*** Supplied information ***
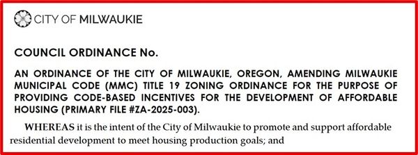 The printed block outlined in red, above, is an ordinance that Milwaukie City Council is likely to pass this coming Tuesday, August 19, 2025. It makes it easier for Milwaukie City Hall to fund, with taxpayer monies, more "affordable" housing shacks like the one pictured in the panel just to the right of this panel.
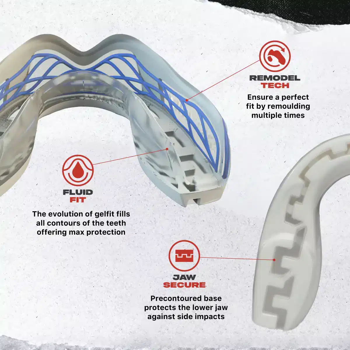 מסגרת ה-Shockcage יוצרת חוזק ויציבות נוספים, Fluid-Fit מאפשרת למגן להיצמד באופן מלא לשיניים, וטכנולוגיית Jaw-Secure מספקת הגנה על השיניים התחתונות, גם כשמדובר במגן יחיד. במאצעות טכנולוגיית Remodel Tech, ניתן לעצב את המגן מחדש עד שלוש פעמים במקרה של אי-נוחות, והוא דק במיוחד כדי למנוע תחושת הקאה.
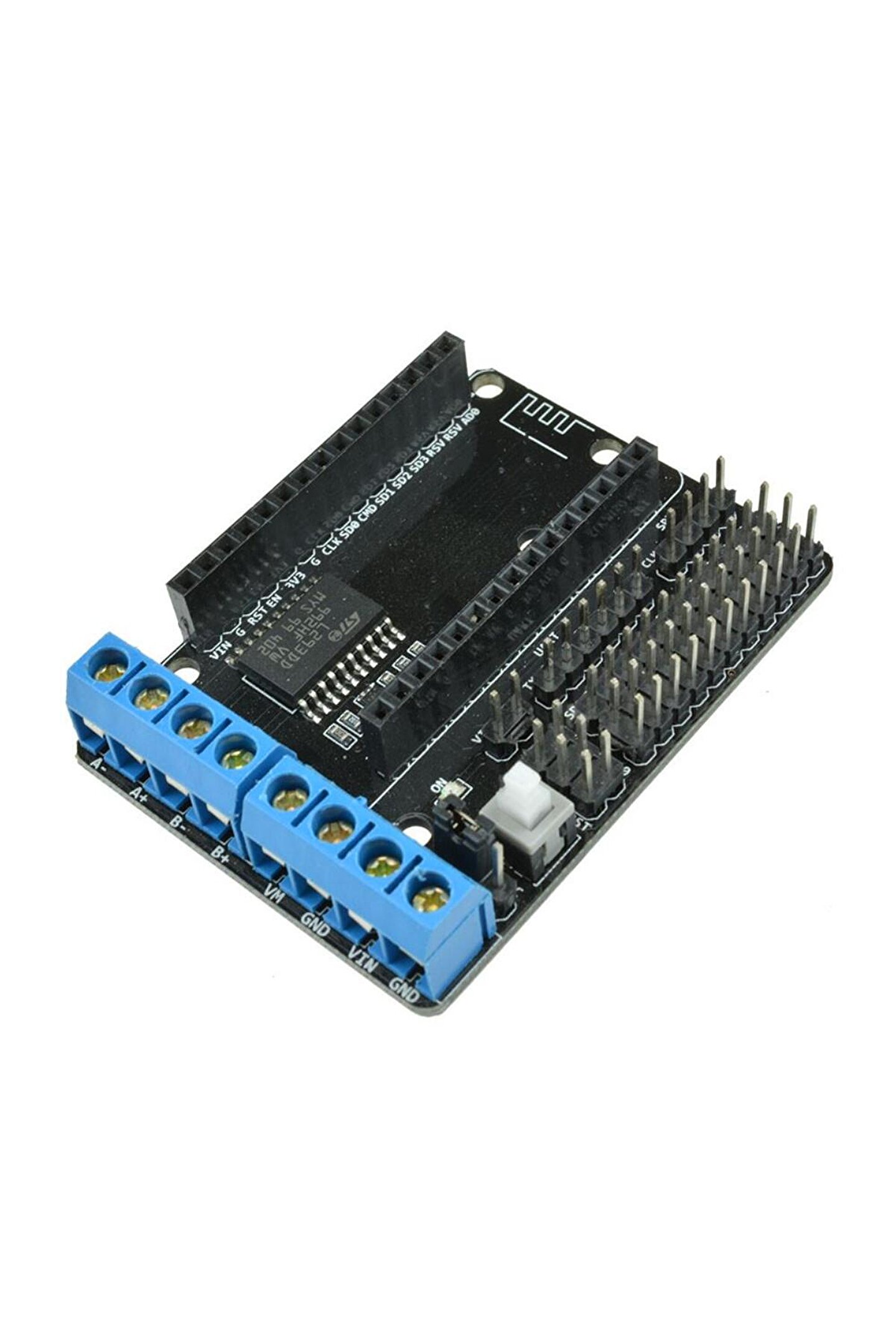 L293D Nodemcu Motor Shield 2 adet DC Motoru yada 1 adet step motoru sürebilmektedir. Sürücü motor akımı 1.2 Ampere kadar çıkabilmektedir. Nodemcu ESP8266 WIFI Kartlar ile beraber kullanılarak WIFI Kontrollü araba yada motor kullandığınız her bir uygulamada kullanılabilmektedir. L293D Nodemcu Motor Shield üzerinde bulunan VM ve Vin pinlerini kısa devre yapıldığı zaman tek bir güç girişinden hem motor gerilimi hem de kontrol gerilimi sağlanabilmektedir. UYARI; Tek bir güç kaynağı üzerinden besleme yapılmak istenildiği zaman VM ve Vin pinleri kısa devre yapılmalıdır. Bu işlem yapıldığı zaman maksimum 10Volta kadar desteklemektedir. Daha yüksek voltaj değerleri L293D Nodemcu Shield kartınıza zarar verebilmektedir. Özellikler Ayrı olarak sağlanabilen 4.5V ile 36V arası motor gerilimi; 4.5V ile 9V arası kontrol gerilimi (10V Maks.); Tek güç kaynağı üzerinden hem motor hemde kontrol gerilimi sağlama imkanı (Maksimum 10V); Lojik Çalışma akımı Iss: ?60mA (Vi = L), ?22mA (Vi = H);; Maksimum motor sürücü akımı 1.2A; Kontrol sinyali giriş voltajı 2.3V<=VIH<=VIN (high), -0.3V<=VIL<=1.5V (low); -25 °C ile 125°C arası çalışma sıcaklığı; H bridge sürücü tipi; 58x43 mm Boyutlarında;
*** End of Supplied information ***
[Instructions to follow]
Transcribe all of the data above exactly; no picture belongs in the copy.

[Output below]
 The printed block outlined in red, above, is an ordinance that Milwaukie City Council is likely to pass this coming Tuesday, August 19, 2025. It makes it easier for Milwaukie City Hall to fund, with taxpayer monies, more "affordable" housing shacks like the one pictured in the panel just to the right of this panel.
 מסגרת ה-Shockcage יוצרת חוזק ויציבות נוספים, Fluid-Fit מאפשרת למגן להיצמד באופן מלא לשיניים, וטכנולוגיית Jaw-Secure מספקת הגנה על השיניים התחתונות, גם כשמדובר במגן יחיד. במאצעות טכנולוגיית Remodel Tech, ניתן לעצב את המגן מחדש עד שלוש פעמים במקרה של אי-נוחות, והוא דק במיוחד כדי למנוע תחושת הקאה.
 L293D Nodemcu Motor Shield 2 adet DC Motoru yada 1 adet step motoru sürebilmektedir. Sürücü motor akımı 1.2 Ampere kadar çıkabilmektedir. Nodemcu ESP8266 WIFI Kartlar ile beraber kullanılarak WIFI Kontrollü araba yada motor kullandığınız her bir uygulamada kullanılabilmektedir. L293D Nodemcu Motor Shield üzerinde bulunan VM ve Vin pinlerini kısa devre yapıldığı zaman tek bir güç girişinden hem motor gerilimi hem de kontrol gerilimi sağlanabilmektedir. UYARI; Tek bir güç kaynağı üzerinden besleme yapılmak istenildiği zaman VM ve Vin pinleri kısa devre yapılmalıdır. Bu işlem yapıldığı zaman maksimum 10Volta kadar desteklemektedir. Daha yüksek voltaj değerleri L293D Nodemcu Shield kartınıza zarar verebilmektedir. Özellikler Ayrı olarak sağlanabilen 4.5V ile 36V arası motor gerilimi; 4.5V ile 9V arası kontrol gerilimi (10V Maks.); Tek güç kaynağı üzerinden hem motor hemde kontrol gerilimi sağlama imkanı (Maksimum 10V); Lojik Çalışma akımı Iss: ?60mA (Vi = L), ?22mA (Vi = H);; Maksimum motor sürücü akımı 1.2A; Kontrol sinyali giriş voltajı 2.3V<=VIH<=VIN (high), -0.3V<=VIL<=1.5V (low); -25 °C ile 125°C arası çalışma sıcaklığı; H bridge sürücü tipi; 58x43 mm Boyutlarında;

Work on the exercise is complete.